▶ [Recorded information]:
####################

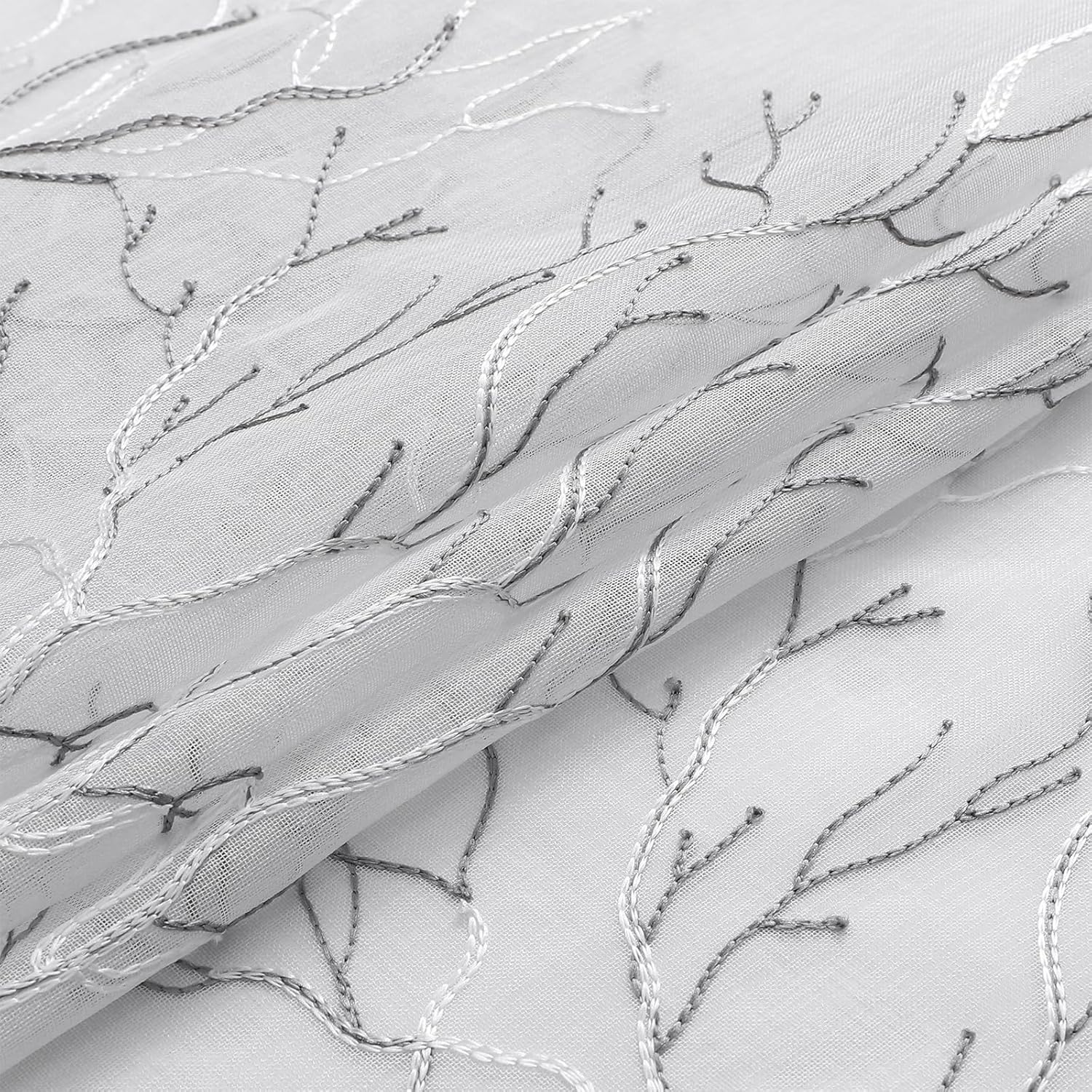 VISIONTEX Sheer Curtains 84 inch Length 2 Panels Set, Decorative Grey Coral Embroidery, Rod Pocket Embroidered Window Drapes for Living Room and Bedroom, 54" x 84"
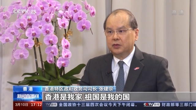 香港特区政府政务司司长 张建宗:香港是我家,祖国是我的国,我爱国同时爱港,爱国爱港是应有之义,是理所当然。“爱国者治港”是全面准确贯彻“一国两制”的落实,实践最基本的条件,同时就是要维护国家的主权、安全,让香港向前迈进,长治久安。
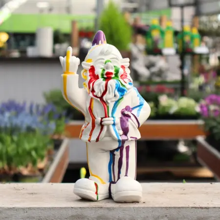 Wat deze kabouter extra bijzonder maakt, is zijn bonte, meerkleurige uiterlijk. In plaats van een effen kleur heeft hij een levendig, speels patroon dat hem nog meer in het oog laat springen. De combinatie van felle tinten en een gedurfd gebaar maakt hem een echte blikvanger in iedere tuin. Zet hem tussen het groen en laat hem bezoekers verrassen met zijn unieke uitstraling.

####################

Retype the whole listing, keeping every line identical and omitting all pictures.

▶ [Task result]:
 VISIONTEX Sheer Curtains 84 inch Length 2 Panels Set, Decorative Grey Coral Embroidery, Rod Pocket Embroidered Window Drapes for Living Room and Bedroom, 54" x 84"
 香港特区政府政务司司长 张建宗:香港是我家,祖国是我的国,我爱国同时爱港,爱国爱港是应有之义,是理所当然。“爱国者治港”是全面准确贯彻“一国两制”的落实,实践最基本的条件,同时就是要维护国家的主权、安全,让香港向前迈进,长治久安。
 Wat deze kabouter extra bijzonder maakt, is zijn bonte, meerkleurige uiterlijk. In plaats van een effen kleur heeft hij een levendig, speels patroon dat hem nog meer in het oog laat springen. De combinatie van felle tinten en een gedurfd gebaar maakt hem een echte blikvanger in iedere tuin. Zet hem tussen het groen en laat hem bezoekers verrassen met zijn unieke uitstraling.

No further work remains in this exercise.